May 7, 2021 - Politics & Policy

Justice Department proposes rule to crack down on "ghost guns"

"Ghost guns" that were secured by the DC Metropolitan Police Department are on display during a press conference

"Ghost guns" that were secured by the DC Metropolitan Police Department are on display during a press conference. Photo: Astrid Riecken for The Washington Post via Getty Images

The Department of Justice released a proposed rule Friday that would broaden the definition of "firearm" and require some gun-making kits to include serial numbers.

The big picture: President Biden last month unveiled a series of executive actions on guns, including directing the DOJ to propose a rule to crack down on the proliferation of "ghost guns," which are untraceable firearms assembled from kits.

  • The Justice Department estimates that from 2016 to 2020, law enforcement recovered more than 23,000 weapons without serial numbers from potential crime scenes, including those in connection to 325 homicides or attempted homicides.

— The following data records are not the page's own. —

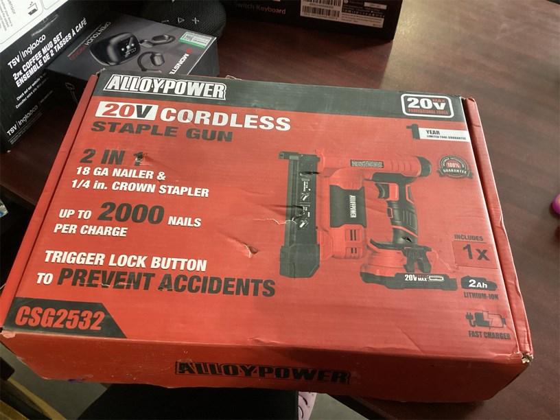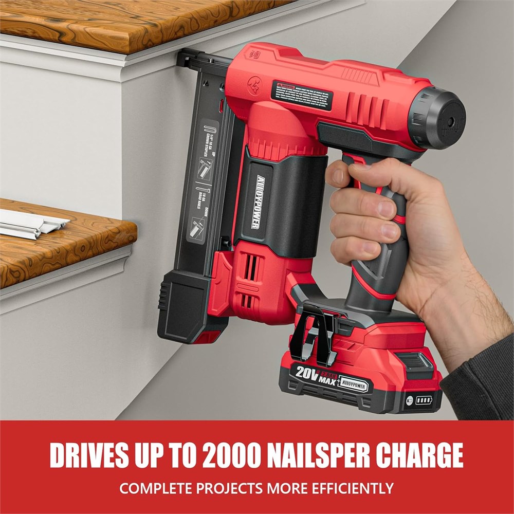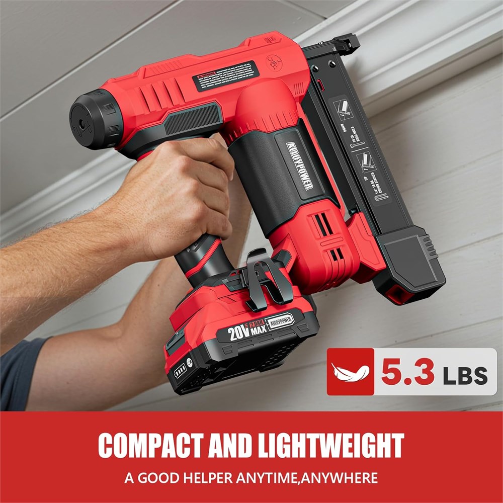 CORDLESS CONVENIENCE Say goodbye to bulky compressors, pesky hoses, and expensive gas cartridge tools with the ALLOYPOWER cordless nail gun. The 18-gauge nail gun is battery-powered, giving you the flexibility and portability to work anywhere. 2-IN-1 CORDLESS BRAD NAILER/ELECTRIC STAPLER ALLOYPOWER 2-in-1 brad nail gun/staple gun is a versatile tool that can drive a range of 18 GA brad nails(5/8 -1 -1/4 ) and 1/4 18GA crown staples(5/8 -1 ) perfect for DIY projects, woodworking, interior decoration, fence slat repairs trim work, and more. LARGE CAPACITY BATTERY 20V lithium-ion battery has a large capacity and is very durable, not only the running time is extended by 80%, but also the battery life is extended by 60%, Each full charge can fire 2000 nails, allowing you to complete the job quickly and efficiently. PERFORMANCE ADJUSTABILITY The upgraded depth adjustment design, combined with the rotary adjustment knob, allows you to adjust according to the needs of your DIY project freely. Whether it is hardwood or soft gypsum board, the ALLOYPOWER 18GA electric nail gun can be accurately adjusted according to the actual situation to obtain the best penetration performance of the nail. SAFETY & CONVENIENCE You can shoot nails or staples only when the safety nose pin is fully pressed against the work surface, preventing accidental shooting of nails. In addition, it is equipped with an LED light and a convenient belt hook to ensure precise nail shooting even in low-light conditions and provide portability for work. WHAT YOU GET 1 18GA brad nailer ,1 20V Battery,1 Charger,500PCS staples,1000PCS nails.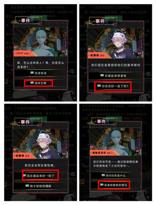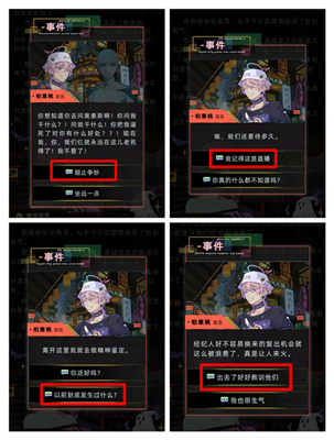 2.攻略:我将一些选项事件和我的选择放在了图片,其中方框为红色的,为支线1,剧情更多,时间也更长;方框为蓝色的,为支线2,剧情更少,时间更短,可以参照来选。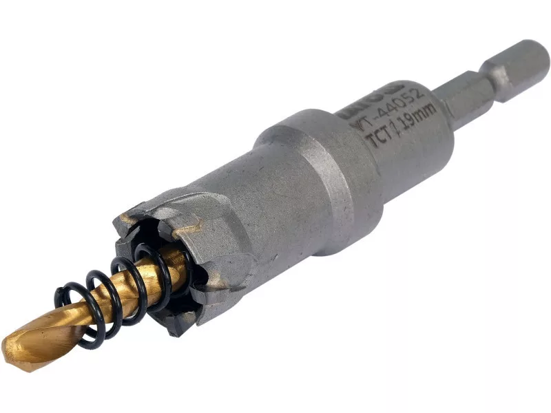 Diameter: 19MM, CUTTING DEPTH: 25MM, TOTAL LENGTH: 103MM, Sintered Carbide YG10X, CORE MATERIAL: CARBON STEEL, PILOT DRILL MATERIAL: HSS4341 TIN, SIZE: 6MM, HEX-6.3MM HANDLE,  1 PACK. ALLEN WRENCH, 1PC. EXHAUSTING SPRING, APPLICATION: CONSTRUCTIVE STEEL (HEA, HEB TOWERS, ELECTRICAL DISTRIBUTORS, GAS BOXES), STAINLESS STEEL, Plastic (ABS, PE, PVC, ALSO reinforced with glass fiber) .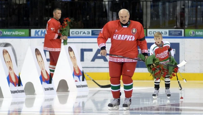 Preşedintele Belarus, Aleksandr Lukaşenko, a disputat în weekend un meci de hochei pe gheaţă la Minsk.

Details: The proposed rule would close a regulatory loophole that currently allows gun purchasers to avoid federal background checks by buying unassembled firearms online.

  • Under the proposed rule, retailers would be required to run background checks before selling kits that contain the parts necessary for someone to readily make a gun at home.
  • The rule would require manufacturers to include a serial number on the firearm “frame or receiver” in easy-to-build firearm kits.
  • The rule would also establish requirements for federally licensed firearms dealers to have a serial number added to 3D-printed guns or other firearms without serial numbers that they take into inventory.

What they're saying: "We are committed to taking commonsense steps to address the epidemic of gun violence that takes the lives of too many people in our communities,” Attorney General Merrick Garland said in a news release.

  • “Although this rulemaking will solve only one aspect of the problem, we have an obligation to do our part to keep our families and our neighborhoods safe from gun violence," he added.

What's next: The proposal has to undergo multiple stages of consultation from the public before it is finalized.